Usai memberikan pendapat hukum, Romli mengatakan pangkal permasalahan polemik antara Polri dan KPK terletak pada MoU. Keberadaan MoU itu, menurut dia, justru melemahkan KPK. Makanya, Romli menyayangkan keputusan KPK, melalui sang Ketua Abraham Samad menandatangani MoU tersebut. Seharusnya, MoU itu tidak ditandatangani oleh Abraham.

“MoU yang dibuat oleh tiga pihak itu Jaksa Agung, Kapolri dan KPK ada masalah. Masalahnya justru MoU melemahkan UU KPK dan tetap ditandatangani Abraham Samad,” ujar pakar pidana yang juga terlibat dalam penyusunan UU No. 30 Tahun 2002 tentang KPK.

Menurut Romli, UU KPK sebenarnya telah memberikan kewenangan kepada KPK untuk melakukan supervisi terhadap Kejagung dan Polri. Namun, sayangnya kewenangan itu justru diperlemah atau bahkan dihilangkan oleh MoU. Gara-gara MoU itu, kata Romli, kewenangan supervisi KPK menjadi selevel dengan Kejaksaan dan Polri.

Romli kelemahan pada MoU itu misalnya terlihat dari adanya klausul tentang pengendalian bersama terhadap upaya pemberantasan korupsi. Dia tegaskan, UU KPK tidak mengenal pengendalian bersama. Yang ada justru kewenangan KPK melakukan supervisi dan mengoordinasi upaya pemberantasan korupsi.

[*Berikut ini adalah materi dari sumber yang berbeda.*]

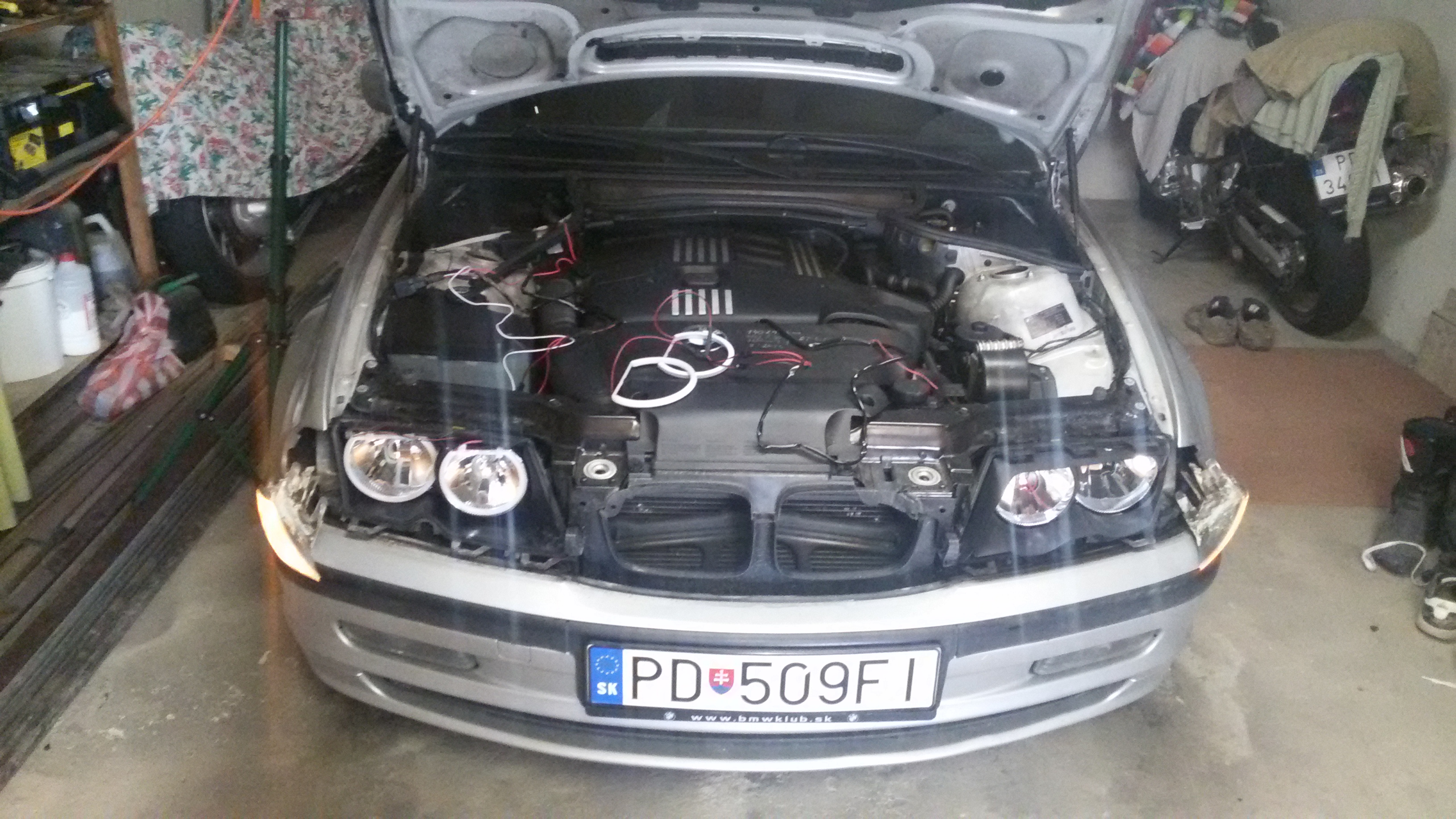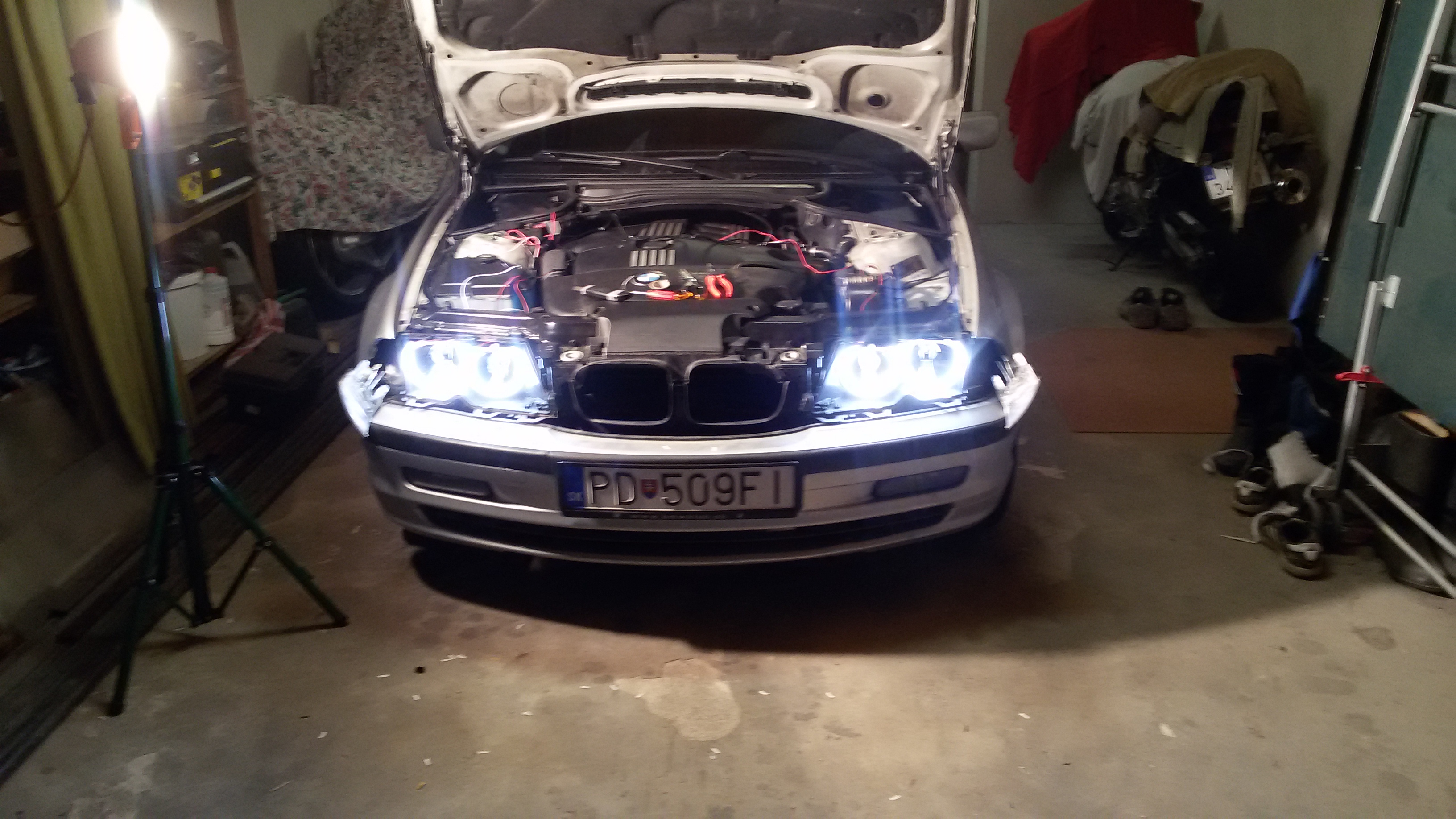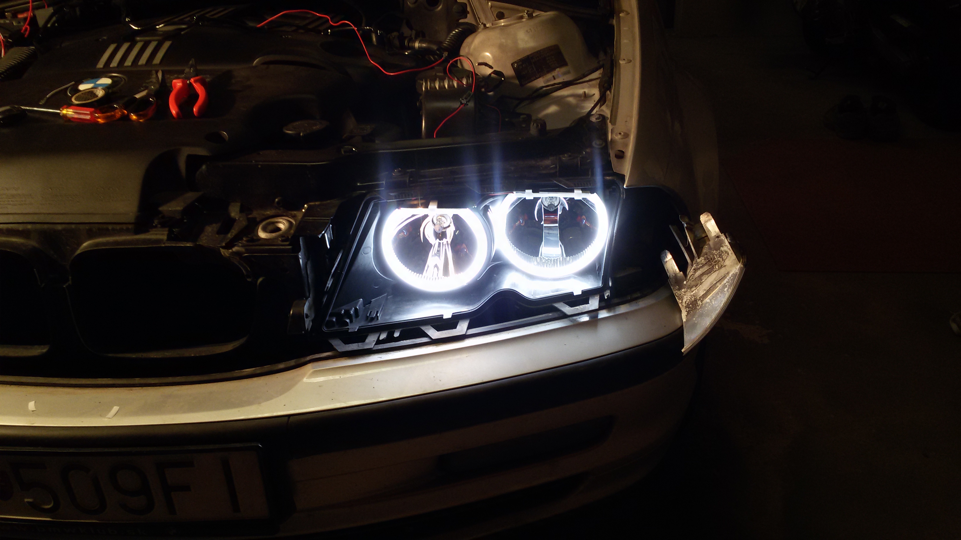 Tak po 4 hodinkách mám konečne pozapájané Angel eyes kružky , svietia pekne , som spoko O:). Došla aj záslepka na egr to bola pár minútová zaležitosť až na moju šmantlavosť že mi padol kľuč aj šróbik cez motor až na spodný kryt. Tak som si musel zhodiť aj ten a vybrať to z tade :lol: :lol: . Mám 100 kw nemalo by hlásiť žiadnu chybu tak som zvedavý.

“Sebetulnya tidak perlu diteken oleh Abraham Samad. Di UU KPK cukup jelas. Tapi memang ada yang perlu diatur teknis dan akan jadi norma baru,” kata Romli.

Masalahnya, ibarat nasi sudah menjadi bubur, MoU sudah kadung ditandatangani. KPK tidak bisa mengabaikan atau bahkan membatalkan MoU tersebut begitu saja karena taruhannya adalah integritas para pimpinan KPK. “Ini persoalan serius. Makanya siapa yang nyusun MoU kok jadi begini,” katanya.

Sebagai tawaran solusi, Romli menyarankan MoU yang ditandatangani ketiga instansi penegak hukum itu direvisi. Dia mengimbau KPK, Kejagung, dan Polri duduk bersama untuk membahas revisi MoU tersebut. Romli mensyaratkan revisi MoU harus disesuaikan dengan UU KPK. “(ketiga lembaga, red.) Duduk bersama lagi membahas MoU. MoU itu diselaraskan dengan UU KPK,” tandasnya.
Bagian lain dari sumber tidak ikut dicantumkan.